Cara mengobati perubahan yang disebabkan oleh sindrom Beckwith-Wiedemann
Pengobatan untuk sindrom Beckwith-Wiedemann, yang merupakan penyakit bawaan langka yang menyebabkan pertumbuhan berlebih dari beberapa bagian tubuh atau organ, bervariasi sesuai dengan perubahan yang disebabkan oleh penyakit dan, oleh karena itu, pengobatan biasanya dipandu oleh tim dari beberapa profesional kesehatan yang dapat mencakup dokter anak, ahli jantung, dokter gigi dan beberapa ahli bedah, misalnya.
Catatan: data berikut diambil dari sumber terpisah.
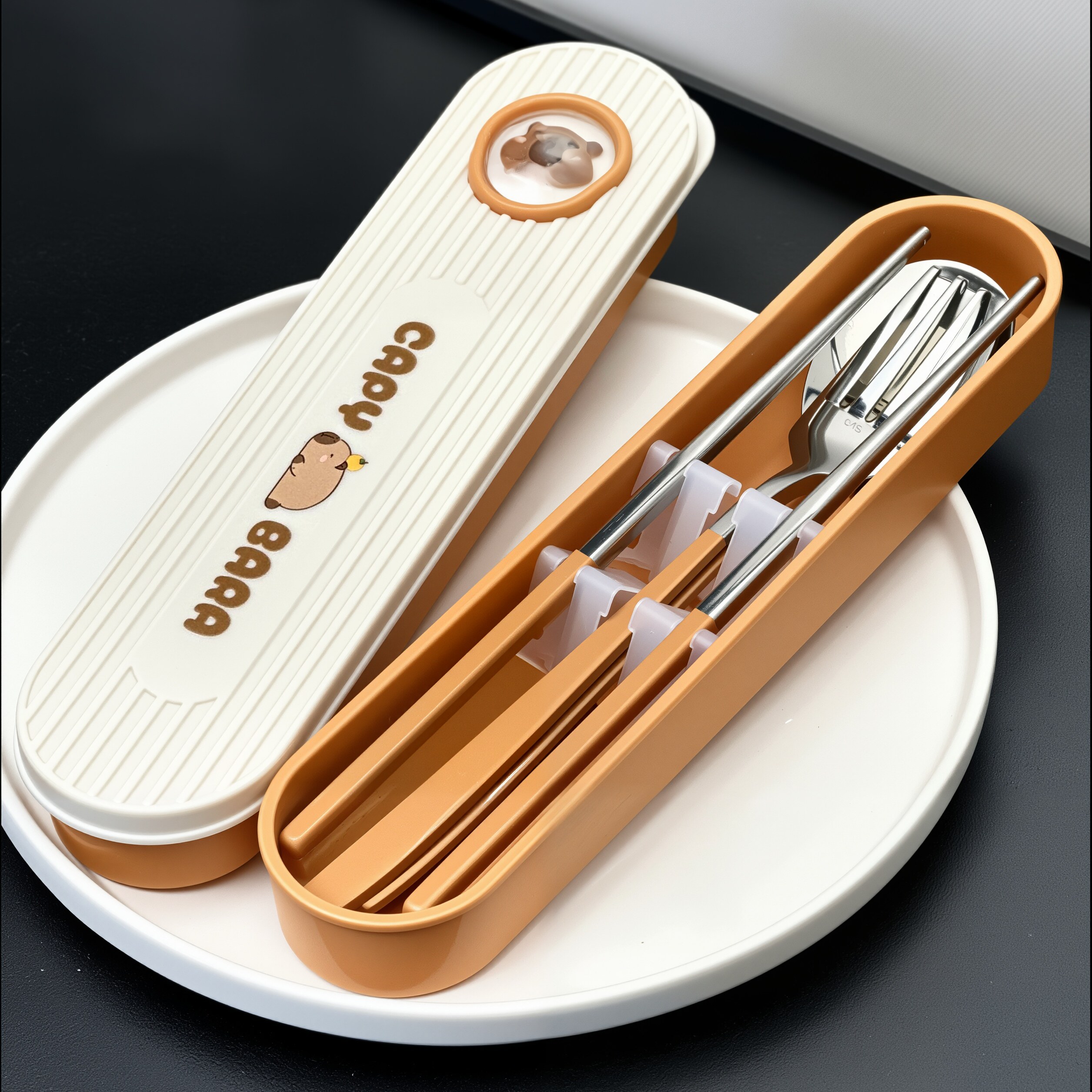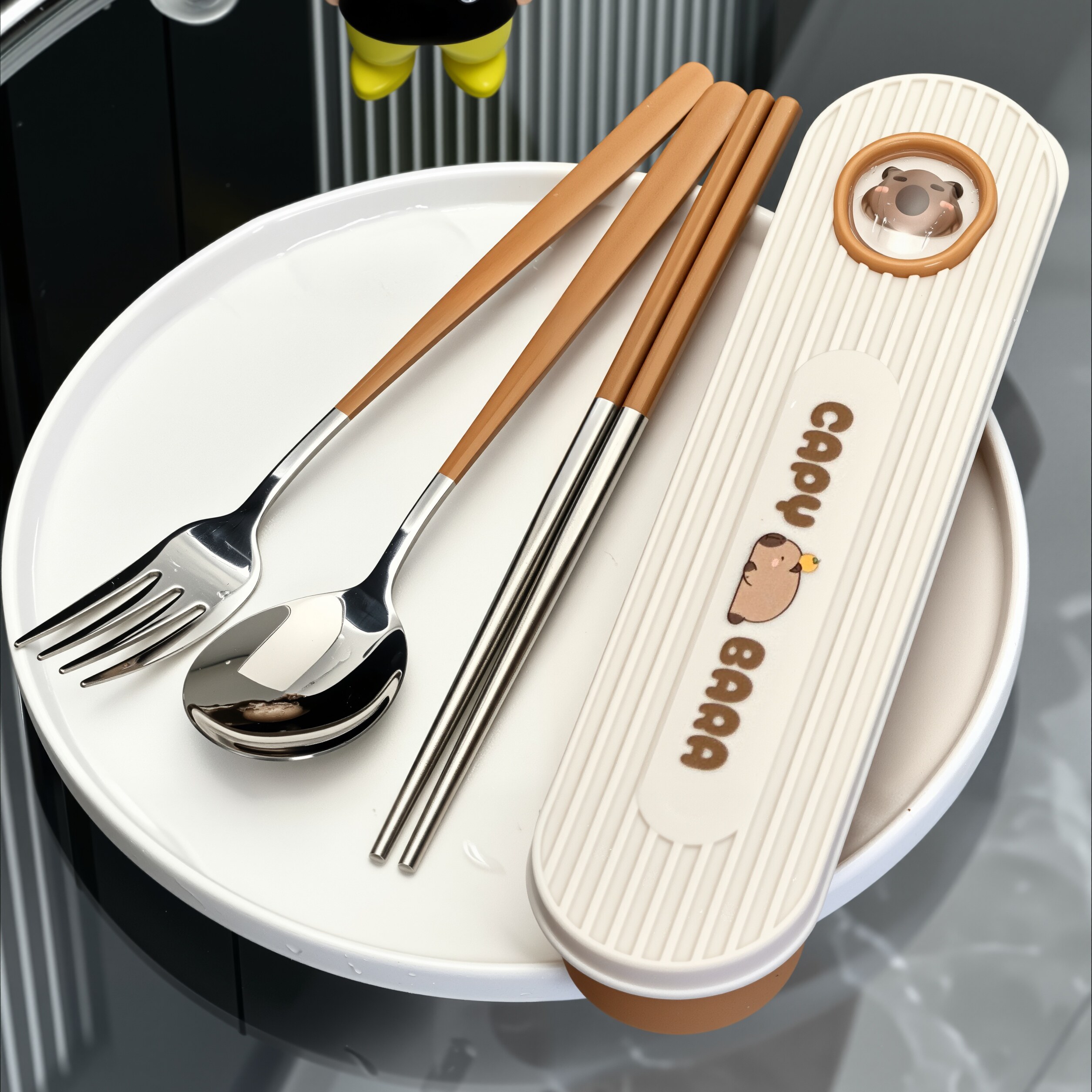 橙北银不锈钢餐具创意筷子勺子叉子上班族学生便携餐具收纳盒防尘

Jadi, tergantung pada gejala dan malformasi yang disebabkan oleh sindrom Beckwith-Wiedemann, jenis perawatan utama adalah:
- Penurunan kadar gula darah: suntikan serum dengan glukosa dilakukan langsung ke dalam vena dan untuk mencegah kekurangan gula dari menyebabkan perubahan neurologis yang serius;
- Hernia umbilikal atau inguinalis: pengobatan biasanya tidak diperlukan karena sebagian besar hernia menghilang pada tahun pertama kehidupan, namun, jika hernia terus meningkat dalam ukuran atau jika tidak menghilang sampai usia 3 tahun, pembedahan mungkin diperlukan;
- Lidah yang sangat besar: pembedahan dapat digunakan untuk memperbaiki ukuran lidah, namun, itu hanya harus dilakukan setelah usia 2 tahun. Hingga usia itu, Anda dapat menggunakan beberapa puting silikon untuk membantu bayi Anda makan lebih mudah;
- Masalah jantung atau gastrointestinal: obat yang digunakan untuk mengobati setiap jenis masalah dan harus diambil sepanjang hidup. Dalam kasus yang paling parah, dokter dapat merekomendasikan operasi untuk memperbaiki perubahan serius pada jantung, misalnya.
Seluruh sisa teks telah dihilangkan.